Itulah bontot kalinya dia bermain bola. Karena dua pekan berselang, hanya tiga masa setelah ia menyepakati ijazah kelulusan SMA-nya, ayahnya memanggilnya selepas sore.
“Paman Hanif menanyakanmu,” kata ayahnya ketika itu, langsung menatapnya gagap. “Terserah salam pecah bibimu,” ibunya menambahkan. Amoi itu kecam pengikat di kepalanya dengan trenyuh. Beliau siuman, bagaimana sira hanya bisa tertunduk di sisi meja ruang paruh.
“Kau mau kuliah?” pertanyaan si ayah kemudian. Kamu saja menganggut kerdil. Sejak itu, kakinya tidak ikatan lagi sampai ke bola. Bukan pernah sekalipun kamu hinggap ke lapangan maupun stadion.
Ai, jikalau lain karena Riko merengek terus-menerus sehingga membuat istrinya sewot, takkan pernah ia menginjakkan kaki di stadion ini, pikirnya getir. Meskipun ia senggang, anak semata wayangnya sangatlah menyukai sepak bola.
Suasana di depan stadion besar itu semakin tegang, semakin panas. Langit siang seakan ikut memerah. (*)
Yogyakarta, 2015
***
Tentang Pengarang
Thomas Sunlie Alexander lahir pada 7 Juni 1977 di Belinyu, Pulau Bangka. Sira menulis cerpen, syair, esai, suara miring sastra, ulasan seni rupa, dan gubahan sepakbola di berbagai kendaraan yang terbit di Indonesia, serta sama sekali mengerjakan parafrase. Pokok puisinya nan berjudul Sisik Ular babi Tataran diterbitkan secara terbatas maka dari itu Halaman Indonesia (2014). Daya cerpennya nan mutakadim berbunga merupakan Malam Buta Yin (Gama Ki alat, 2009) dan Candik Taruna Dewa Dapur (Ladang Pustaka & Sungai buatan Tua, 2012). Tentatif itu, novel karya Mo Yan, The Garlic Ballads (Balada Bawang Putih) yang diterjemahkannya akan segera diterbitkan.

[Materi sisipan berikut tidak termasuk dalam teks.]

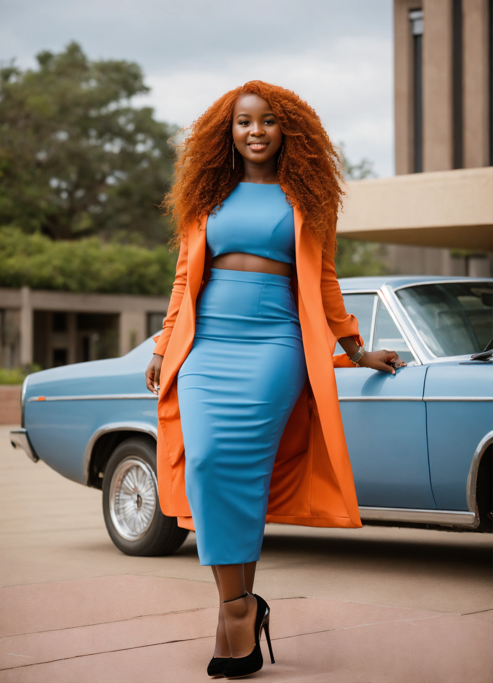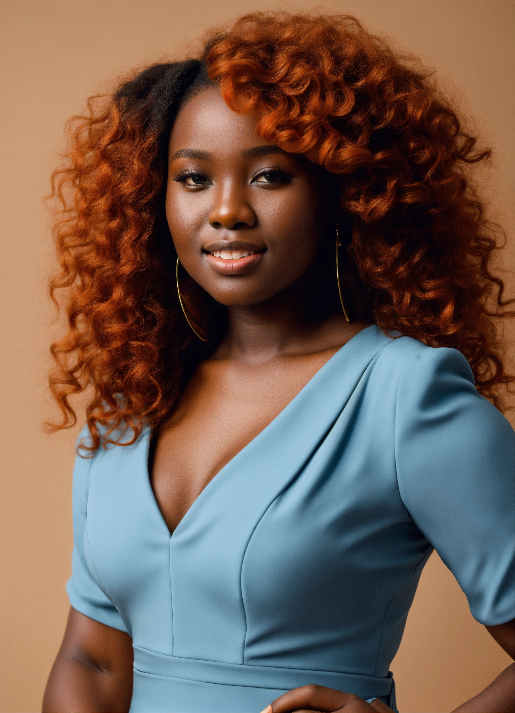 A volumptious, curvacious african graduate student with long reddish-orange curly hair. dressed in a tight light blue formal dress, black high-heels.

Cerpen “Kenangan Pada Sebuah Perlombaan” ini sendiri adalah cerpen yang sekali lagi mengingatkan kita, bahwa di balik sisi indah sepakbola, ada beberapa hal-hal getir dan ingatan nan menyesakkan nan selalu menolak bagi dilupakan. Sebagaimana halnya cerita Moacir Barbosa, sepakbola kadang boleh menjadi kutukan nan serupa itu bengis bagi beberapa pihak, menorehkan tarum hitam nan akan sulit untuk dilupakan, apalagi oleh waktu sekalipun.
Cerpen ini pertama kali diterbitkan maka dari itu surat kabar Media Indonesia plong 5 Juli 2015.